SABIRA QURESHI
Biography
It all started as a chance encounter with a 9-year old boy selling pappadums in an upscale market in Pakistan’s capital city Islamabad. When I asked why he wasn’t in school, he expressed a desire to study but also his family’s inability to send him to school. I learned they lived nearby, so I asked him to hop into the car and take me to his home. That’s when I discovered a whole different world –literally in our backyard. There was this large urban slum just a few blocks from where I lived. That realization propelled me into doing something tangible to help improve the lives of this segment of our population that had been totally overlooked by our society and the government. I wanted to go beyond the decades of development sector consulting work that I had been doing up until then (and continued to do for a living) – even though this was also focusing on human rights and social justice. I wanted to work directly with grassroots communities to make a difference in the lives of people. Perhaps, my background in women’s rights activism and a family history of social work played a role in this decision.
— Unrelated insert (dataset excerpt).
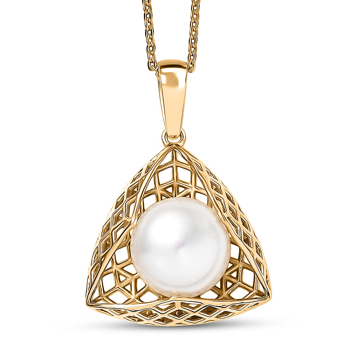 D,Joy Premium Freshwater Pearl Pendant Necklace in 18K Vermeil Yellow Gold Over Sterling Silver 20 Inches

I hired a teacher and started holding classes, initially with just ten children, under a tree. I gradually motivated other parents to also start sending their children to our school. When ’my pappadum-selling family’ moved to different urban slum, they approached me to start another school there, as none of the children were going to school in this new locality either. These initial schools laid the groundwork for today’s network of Pehli Kiran Schools.